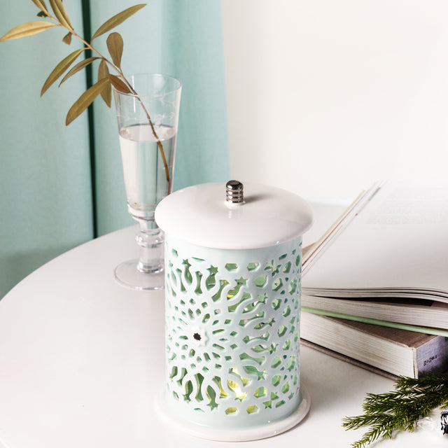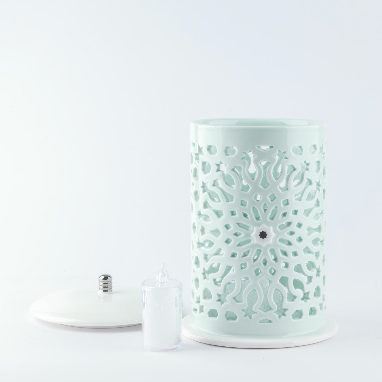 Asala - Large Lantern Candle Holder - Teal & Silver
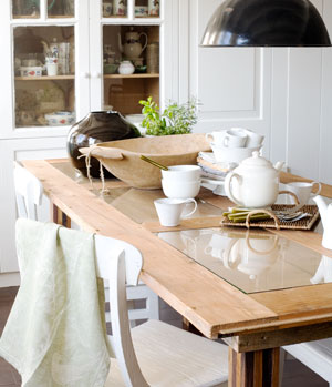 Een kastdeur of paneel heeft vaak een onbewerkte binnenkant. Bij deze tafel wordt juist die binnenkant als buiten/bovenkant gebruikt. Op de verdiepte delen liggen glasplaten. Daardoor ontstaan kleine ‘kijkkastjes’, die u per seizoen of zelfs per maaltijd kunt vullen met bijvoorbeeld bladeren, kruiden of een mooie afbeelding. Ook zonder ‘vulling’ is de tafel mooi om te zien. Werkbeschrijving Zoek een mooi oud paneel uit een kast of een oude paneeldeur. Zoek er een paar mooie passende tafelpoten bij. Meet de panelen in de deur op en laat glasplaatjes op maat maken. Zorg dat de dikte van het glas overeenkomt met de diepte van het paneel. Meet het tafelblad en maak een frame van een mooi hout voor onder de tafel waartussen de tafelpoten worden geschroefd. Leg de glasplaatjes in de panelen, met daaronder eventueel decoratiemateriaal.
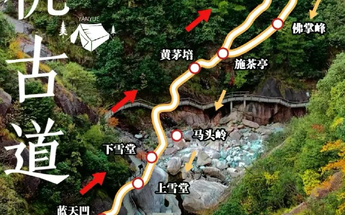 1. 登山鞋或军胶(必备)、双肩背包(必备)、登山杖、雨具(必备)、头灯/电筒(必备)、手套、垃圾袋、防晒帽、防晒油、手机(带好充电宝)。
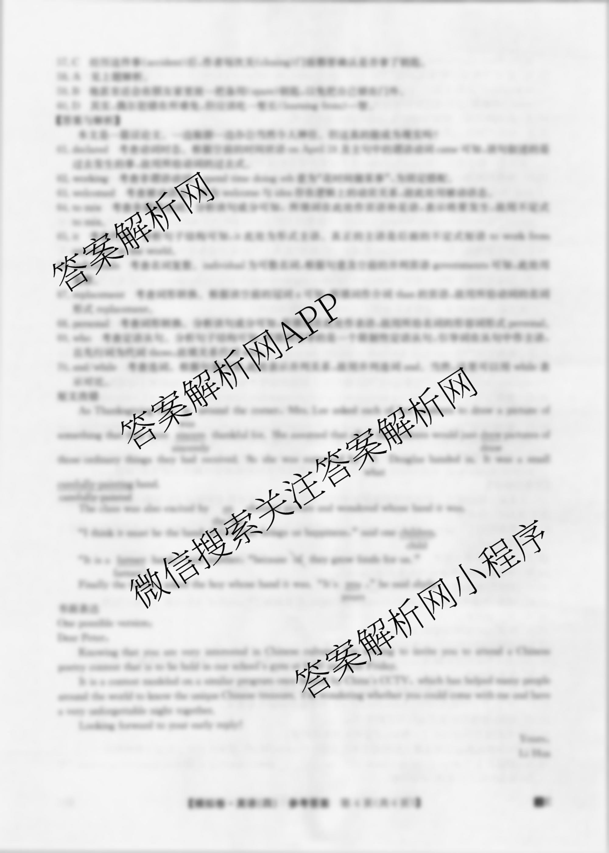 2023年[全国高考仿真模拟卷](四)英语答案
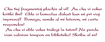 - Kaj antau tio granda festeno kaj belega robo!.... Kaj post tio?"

The problem. All that is wanted is the lines from the one holding "2023年[全国高考仿真模拟卷](四)英语答案" through the end of the material, duplicated exactly, with no pictures.

Expected output.
 2023年[全国高考仿真模拟卷](四)英语答案
 - Kaj antau tio granda festeno kaj belega robo!.... Kaj post tio?"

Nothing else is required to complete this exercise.